You sink into the chair made of flimsy black fabric, and you can almost hear the seat groaning underneath your three hundred pound torso, a result of having Ronald McDonald as your only friend for years. As you shift around uncomfortably, you scan the set, making sure everything is in place. The handsome young actors that remind you of a younger self are poised for action, their cowboy hats casting shadows on their scruffy faces dotted with painting stubble. Above them on a balcony above a sign that says SALOON in faded green paint is a beautiful girl, one that you’d recognize from being on the cover of last month’s Vogue, or from being in that movie trailer advertising her next starring role. Her chestnut hair is pulled back and held tightly under her wide suede hat, her hand holding an artificially worn down revolver.  You nod your head towards the camera man, whose name couldn’t be bothered remembering, and he starts rolling the cameras.

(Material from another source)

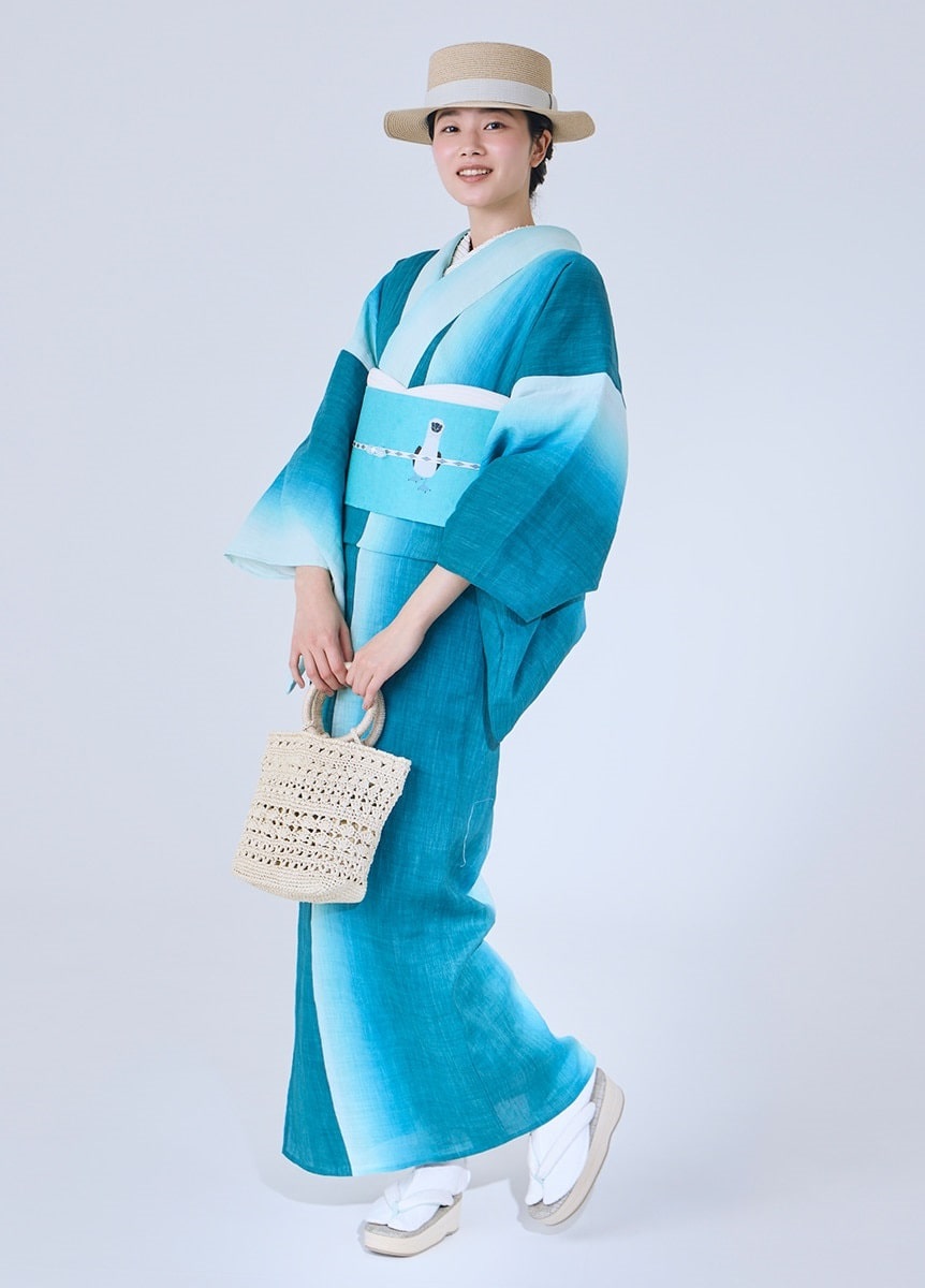 Product informationモデル着用「近江縮 ぼかし 碧のさざめき」

“Action,” you say in a gruff, constantly irritated voice that no matter how many anger management classes you take, just can’t seem to go away. 

“Wha’ didja say yer name wus again?” says one of the actors in a thick, Clint Eastwood-esque, accent. He is directing this question up to the girl. She simply gives him an Oscar-worthy glance that seems to say “I have deep, dark mysterious secrets that you will probably find out later in the movie.” As you watch the scene attentively, you are apprehensive to what will come next. You can see the nervousness in the actress’s sapphire eyes as well. She holds the gun out towards the cowboy, her hand shaking.  After years of being in romantic comedies, she has little knowledge on how murder in movies works.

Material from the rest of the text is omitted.